Curiously, with my snippet VM crashes so hard that its crash handler fails to work (therefore, no hs_err_pid*.log files)
I think this problem is interesting to us. So if Nikita isn't willing to fix it, I will do it, just maybe not right now.
(In reply to Alexandr Miloslavskiy from comment #20) > Nikita, will you fix the bug? Nikita?
(In reply to Lars Vogel from comment #23) > (In reply to Alexandr Miloslavskiy from comment #20) > > Nikita, will you fix the bug? > > Nikita? I'll make a patch, unless someone beats me to it. The core issue is user code doing things it shouldn't, so it's low proprity.
Re-setting target for now.
AFAIK Nikita is not available at the moment. Resetting the assignee.

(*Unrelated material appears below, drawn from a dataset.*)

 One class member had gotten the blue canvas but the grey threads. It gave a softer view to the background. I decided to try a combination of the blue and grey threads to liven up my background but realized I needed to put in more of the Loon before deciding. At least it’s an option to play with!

Created attachment 280884 [details] Crash free snippet (In reply to Nikita Nemkin from comment #18) > Unfortunately, the suggested patch doesn't fix anything. > > The root cause of the crash seems to be use-after-free of the native > IDataObject and the resulting memory corruption. Multiple bugs contribute to > the problem. > > 1. Crashing snippet stashes away the DropTargetEvent event (which references > the native IDataObject) and later extracts data from it. This is API misuse, > at least on Windows, because the native IDataObject is not valid after the > drop/dragLeave event completes. Drop event is the last chance to extract the > data. > > 2. Native heap detects corruption, but SWT swallows the exception using > trycatch JNIGen flag. Further access to corrupt memory results in a crash. > > 3. SWT DropTarget doesn't release the native IDataObject in its > IDropTarget.Drop implementation, although it must do so. > > SWT should invalidate all created TransferData objects after drop/dragLeave > to prevent misuse. Also, trycatch flag has to go. There are exactly zero > valid uses for it. I'm also not sure there is something to fix here. As Nikita said user code is doing things it shouldn't do and accessing fields which are effective private (see javadoc of pIDataObject) We could invalidate the TransferData but the next client will notice it is later 0 and will backup the pointer directly instead of the data object and we get this crash again. So not much improvement from this. For the JNIGen flag. Certainly a good point, had not checked this. Might be something for a separate ticket. The last point (release object in drop) is fixed meanwhile as part of bug 549643. A possible workaround for this problem (even if I would not recommend it) is to properly use the IDataObject. Those objects are reference counted. If you want to access the data after the drop is done add a reference while it is still valid. I attached a modification of your second snippet which does not crash anymore in my test. This could work for most drag sources. I expect it to not work with SWT drag source before bug 549643.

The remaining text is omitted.